Topic:
CONSUMER PROTECTION; MEDICAL SAVINGS ACCOUNT; HEALTH INSURANCE;
Location:
INSURANCE - HEALTH;

OLR Research Report


February 14, 2008

 

2008-R-0127 Revised

SETTING RATES FOR AN INDIVIDUAL HEALTH INSURANCE POLICY

 

By: Janet L. Kaminski Leduc, Associate Legislative Attorney

You asked how an insurance company sets rates for an individual high deductible health plan, a federally tax qualified plan compatible with a health savings account. Specifically, you wanted to know if (1) an individual is considered part of a group for rating purposes and (2) an insurer must disclose the group characteristics to the individual.

SUMMARY

For rate setting purposes, an individual high deductible health plan is treated the same as any other individual health insurance policy, according to the Connecticut Insurance Department.

By law, rates cannot be (1) excessive, inadequate, or unfairly discriminatory or (2) used before being filed with and approved by the department. If an insurer files a loss ratio guarantee with the rates (to guarantee a certain percentage of premiums earned will be spent on claims incurred), then by law the rates are deemed approved. (The statute, CGS 38a-481, and related regulation are enclosed for your reference.)

An insurer typically places a person covered by an individual health insurance policy in a particular classification, or group of similar individuals, for underwriting and rate setting purposes. However, insurers are not required to file underwriting guidelines with the department or to disclose to an insured person the characteristics of the group in which the insurer places him or her. But state law prohibits insurers from moving an individual from a standard underwriting classification to a substandard classification after a policy has been issued. The law also prohibits insurers from increasing rates based on a particular person's health status or claim history under an individual policy, but permits insurers to increase rates based on the experience of the underwriting class as a whole.

If an insured under an individual health insurance policy has concerns that an insurer has applied rates contrary to those filed with and approved by the department or not complied with state law, he or she may file a complaint with the Insurance Department's Consumer Affairs Unit. Instructions for doing so are found on the department's web site at www.ct.gov/cid.

RATE SETTING FOR INDIVIDUAL HEALTH INSURANCE

Connecticut law prohibits individual health insurance policy rates that are excessive, inadequate, or unfairly discriminatory. Insurance companies must file rates with the insurance commissioner before using them. Unless the commissioner disapproves them, the rates may become effective 30 days from filing them (sooner if approved within the 30 days) (CGS 38a-481(b)).

Rates

If the rates contain a loss ratio guarantee signed by a company officer, the rates are deemed (1) not excessive and (2) approved (CGS 38a-481(d) and (e)). A loss ratio is the ratio of incurred claims to earned premiums. The guarantee must include the criteria contained in the statute. Among other things, it must list the anticipated lifetime and durational target loss ratios that were contained in the original actuarial memorandum that accompanied the filing that the department originally approved.

Underwriting

State law is silent with respect to the underwriting factors an insurer may use to determine a person's insurability and particular rates for an individual health insurance policy, except for certain Medicare supplement plans. (Underwriting is the insurer's process of determining which risks are acceptable to insure and at what terms.) In other words, state law does not require insurers to file underwriting guidelines for

health insurance products and the Insurance Department lacks the authority to review and approve them.
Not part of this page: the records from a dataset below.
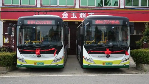 兩輛“客貨郵”公交掛著紅綢等待發(fā)車。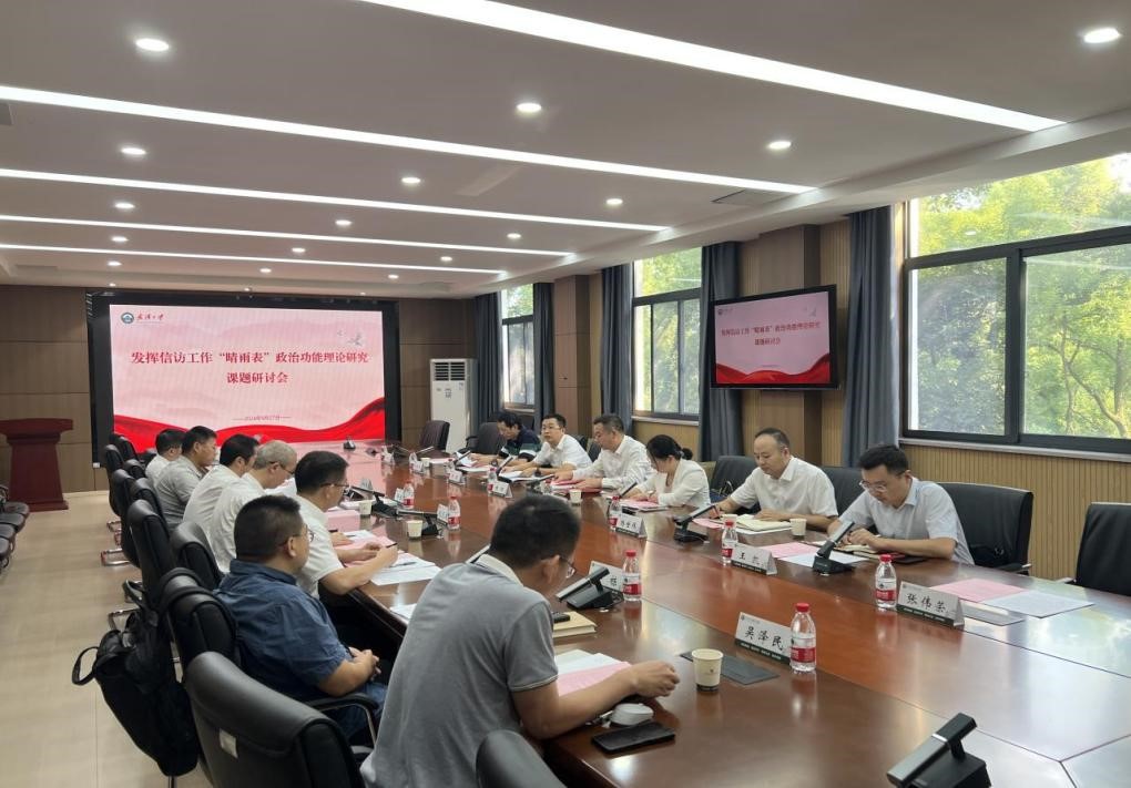 揭牌仪式后,中心召开了发挥信访工作‘“晴雨表”’政治功能理论研究课题研讨会。省政协办公厅研究室理论信息处副处长王坤坤、省公安厅信访处四级调研员孙绪强、成人直播 社会成人直播副院长、教授、博士生导师桂晓伟、成人直播 优秀青年学者、政治与公共管理成人直播教授、博士生导师吕普生、成人直播 法成人直播教授、博士生导师李栋围绕如何用好用足信访工作这张晴雨表与课题组展开了深入的讨论。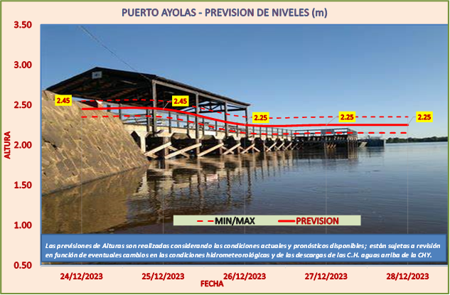 Las previsiones de Alturas son realizadas considerando las condiciones actuales y pronósticos disponibles y están sujetas a revisión en función de eventuales cambios en las condiciones hidrometeorológicas y de las descargas de las C.H. aguas arriba de la CHY.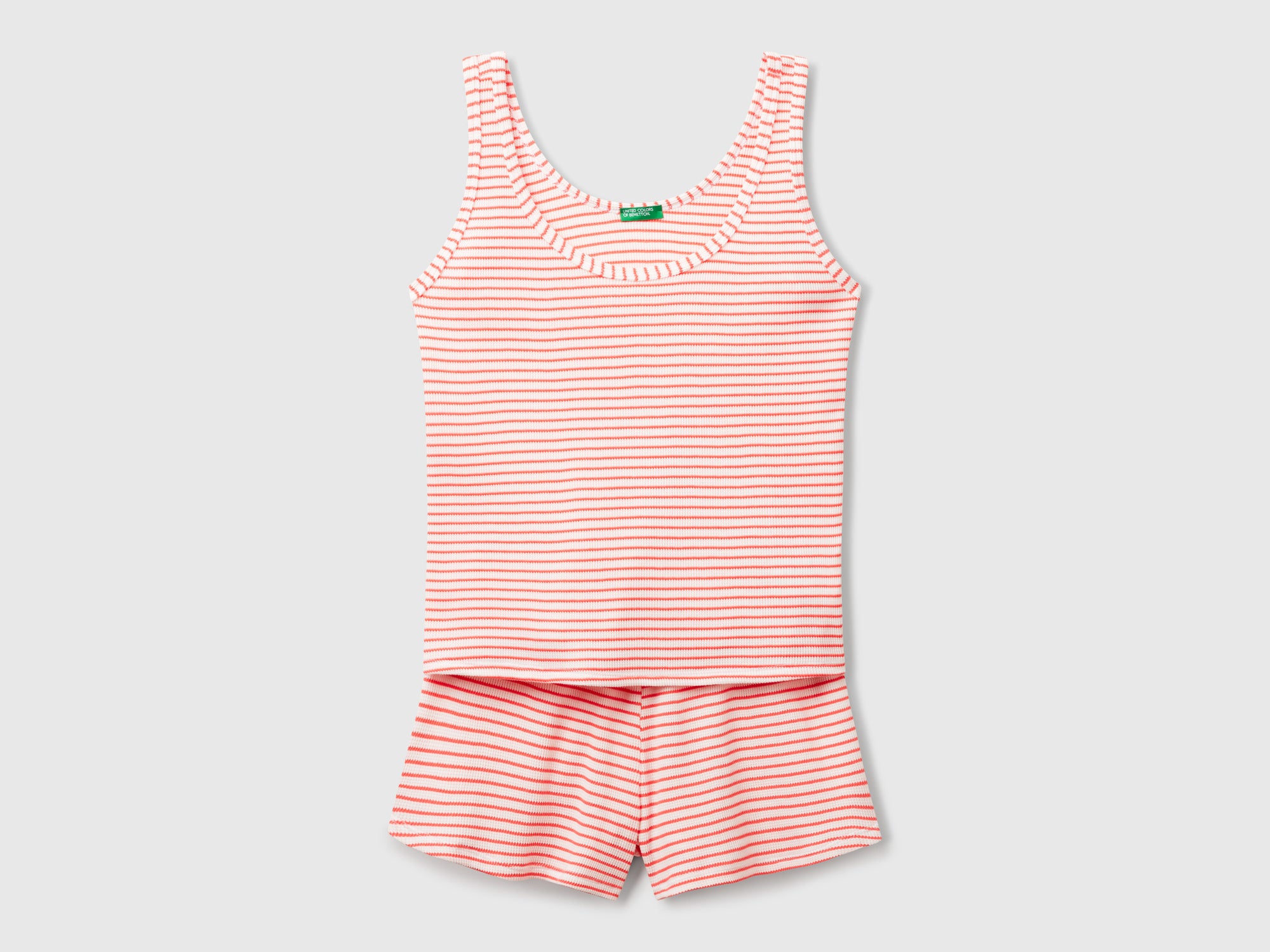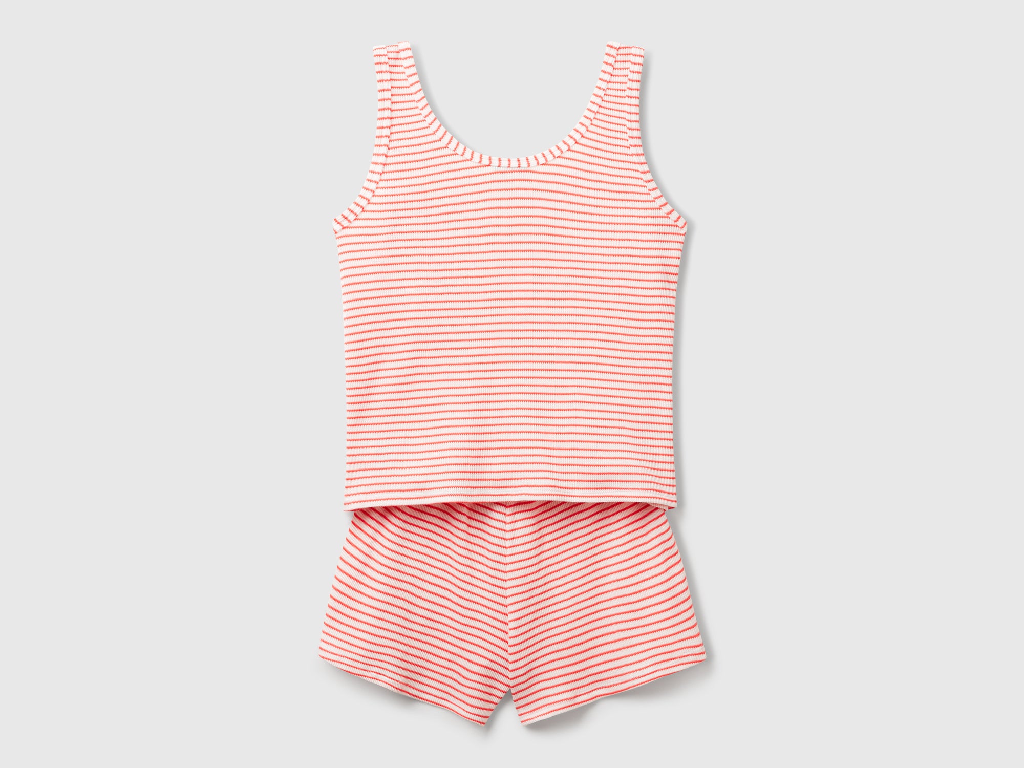 Pigiama corto in morbido tessuto di puro cotone a costine. Canotta con scollo rotondo. Pantaloni corti con elastico interno in vita. Fantasia a righe tinto filo su tutto il capo.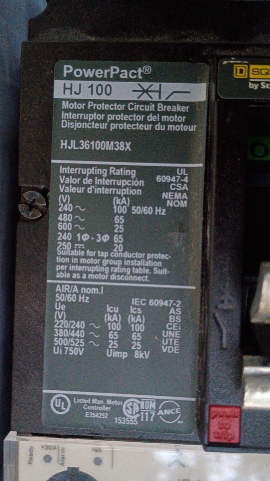 - Square D HJL36100M38X PowerPact Circuit Breaker 100 Amp 3 Pole 600VAC w Enclosur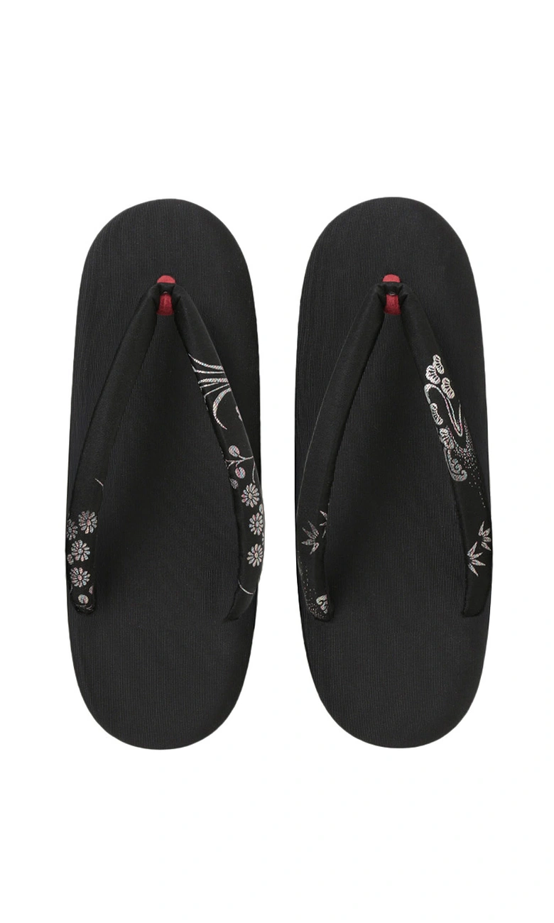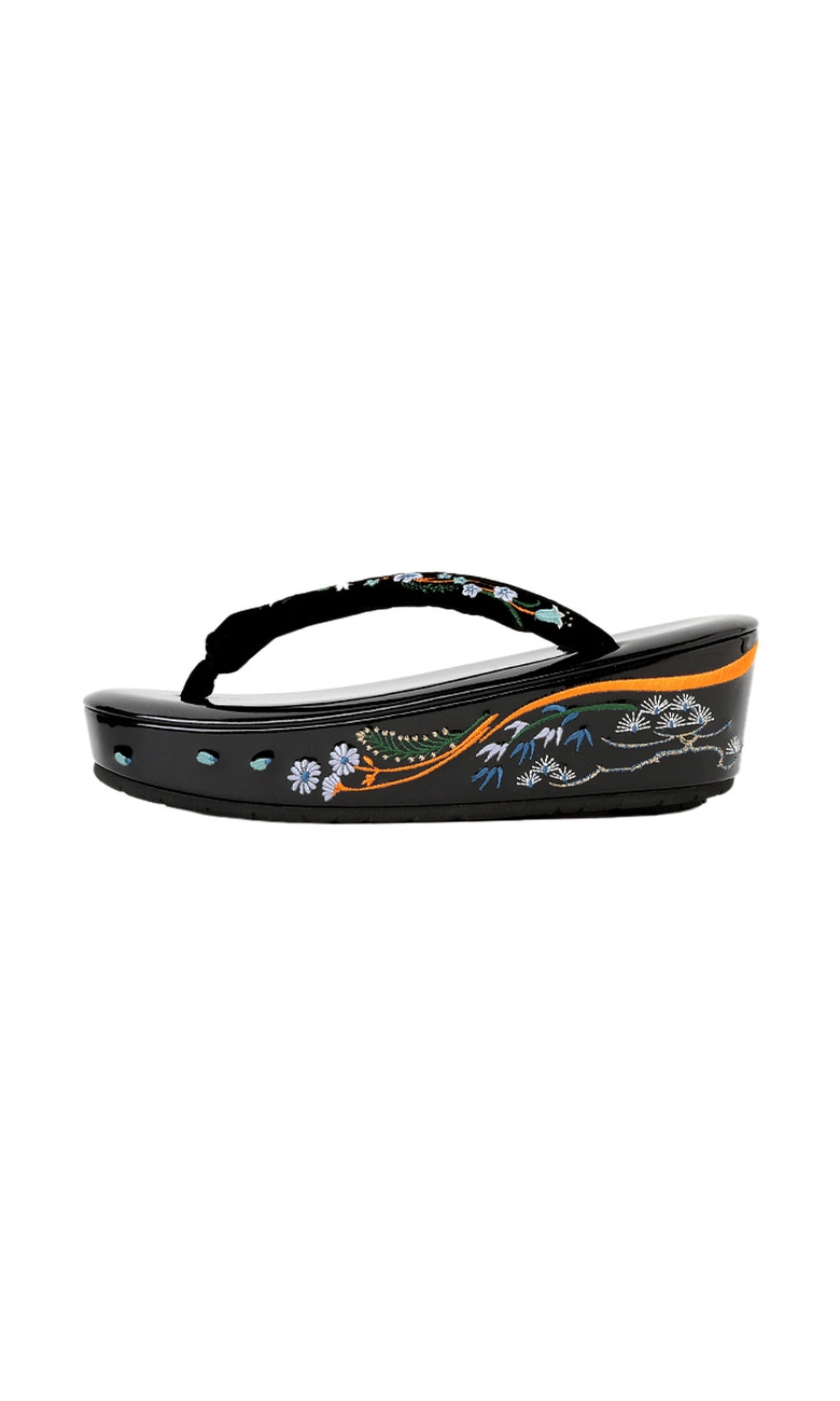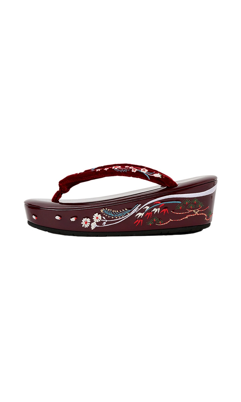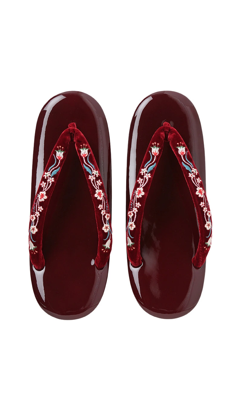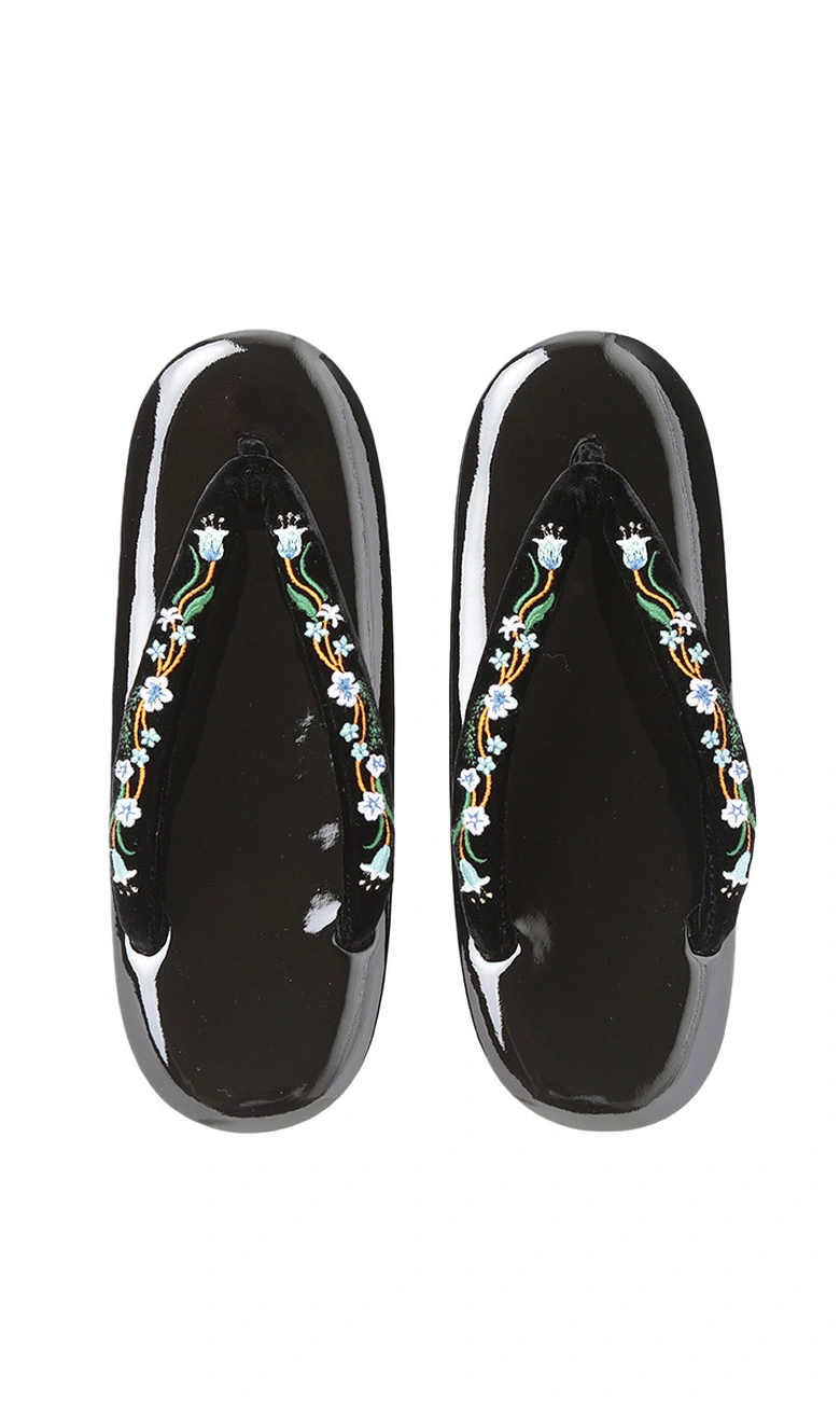 Mame Kurogouchi × 履物 関づか Floral Embroidery Hakimono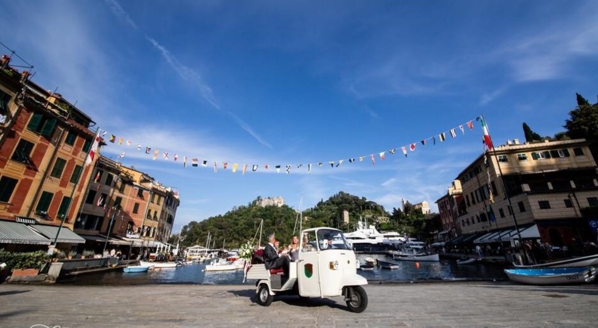 Con Mauro volutamente non ci fermiamo a Genova, scopriremo i suoi vicoli in un altro viaggio, ed ecco di fronte a noi il promontorio di Portofino: di natura, storia ed arte dove non possiamo non fermarci. In Italia tra le location più ambite per i destination wedding da tutto il mondo.
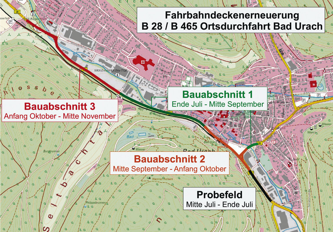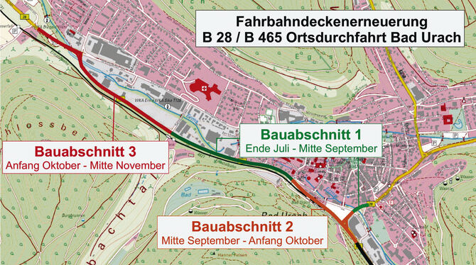 Ein Überblick über die Fahrbahn- erneuerung auf der B 28 und B 465 in der Ortsdurchfahrt von Bad Urach. Am 20. Juli soll die Großbaustelle beginnen – und mit ihr die örtlichen und überörtlichen Umleitungen. GRAFIK: REGIERUNGSPRÄSIDIUM TÜBINGEN
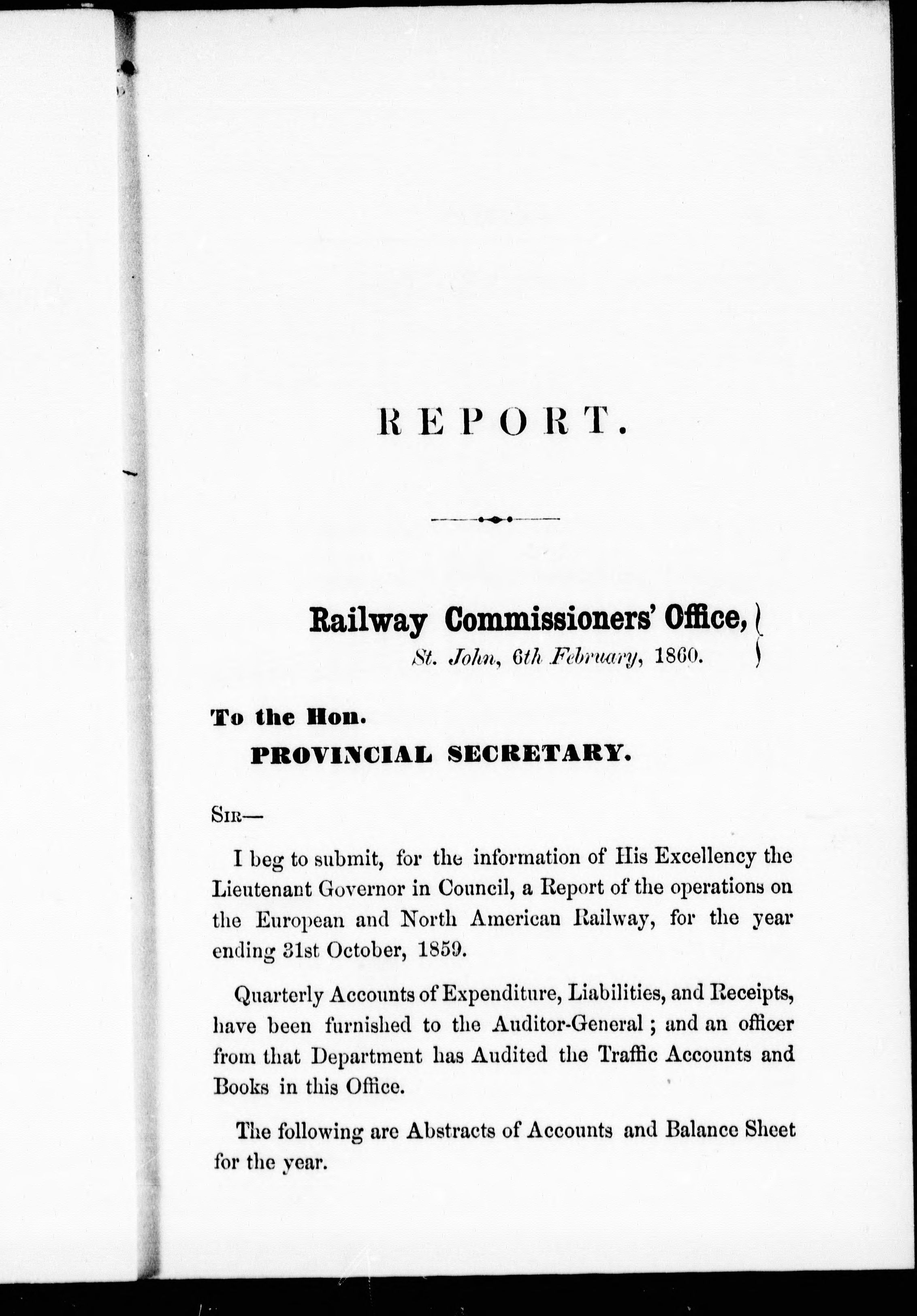 Report of the Railway Commissioners of the province of New Brunswick for the year 1859.
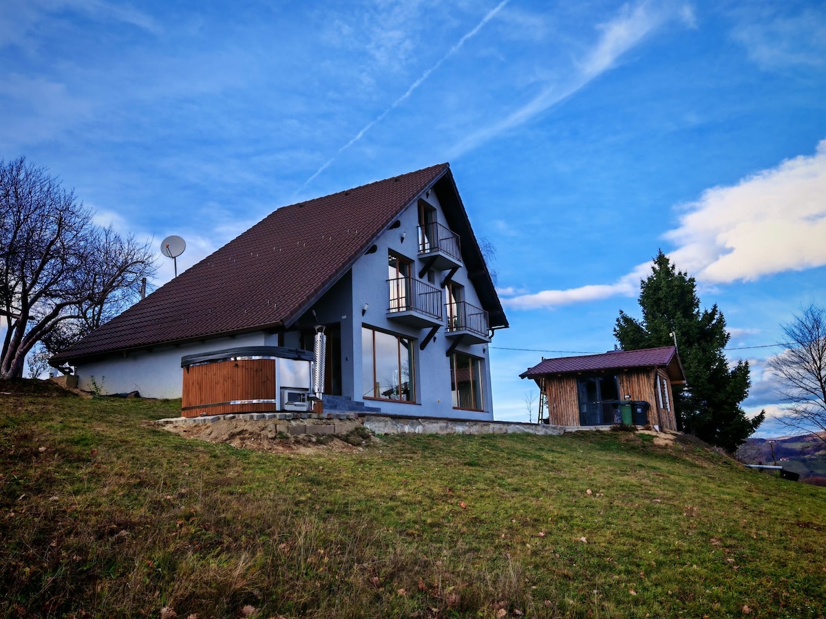 The house is located 2.5 km from Bran Castle in Simon village. It is not located near the street (50 m to climb on a hill - accessible road by car). It has 3 bedrooms, 3 bathrooms (one bedroom with en suite bathrooms, the other two bedrooms share a bathroom and one bathroom are on the ground floor), a large living room and fully equipped kitchen (including with dishwasher). We also have a gazebo and barbecue arranged.

Thus, the department reviews rates, but not underwriting guidelines.

Rate Classification and Disclosure

An insurer will typically place an individual in a classification, or a grouping of similar individuals, for underwriting and rate setting purposes. State law is silent regarding an insurer disclosing to an insured person the characteristics of the group in which the insurer places him or her. Therefore, the law does not require such disclosure.

However, state law prohibits an insurer from (1) moving an insured individual from a standard underwriting classification to a substandard underwriting classification after the policy is issued and (2) increasing rates due to the claim experience or health status of a particular individual who is insured under the policy, except the insurer may increase rates for all individuals in an underwriting classification due to the claim experience or health status of the underwriting classification as a whole (CGS 38a-481(h)).

Additionally, state law prohibits discrimination between individuals in the same classification with respect to rates charged for an individual health insurance policy; the policy benefits, terms, or conditions; or in any other manner (CGS 38a-488).